Print every line below exactly as written, but leave the pictures behind.

== DATA EXCERPT ==
***
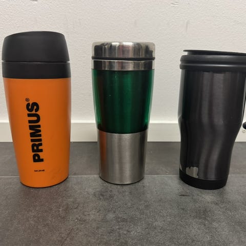 Uusi musta termosmuki pakkauksessaan.
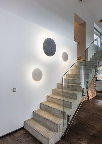 Durch die runde Form sorgt die jeweilige Leuchte für eine gleichmäßige Lichtverteilung und weiche Lichtverläufe. Letztere fördern wiederum eine behagliche Atmosphäre, sodass selbst beim Treppensteigen so etwas wie Entspannung aufkommen kann.
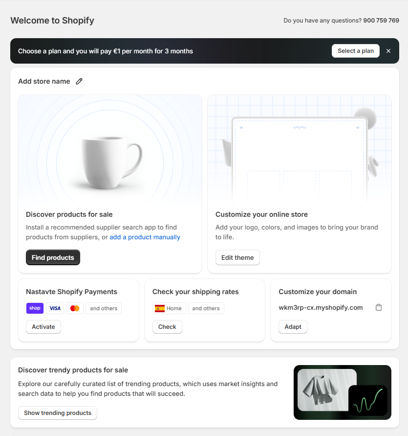 Start by creating your Shopify account. The process is simple: head to shopify.com and start a free trial. You’ll be guided through naming your store and choosing your industry.
***
== ANSWER BOX ==
 Uusi musta termosmuki pakkauksessaan.
 Durch die runde Form sorgt die jeweilige Leuchte für eine gleichmäßige Lichtverteilung und weiche Lichtverläufe. Letztere fördern wiederum eine behagliche Atmosphäre, sodass selbst beim Treppensteigen so etwas wie Entspannung aufkommen kann.
 Start by creating your Shopify account. The process is simple: head to shopify.com and start a free trial. You’ll be guided through naming your store and choosing your industry.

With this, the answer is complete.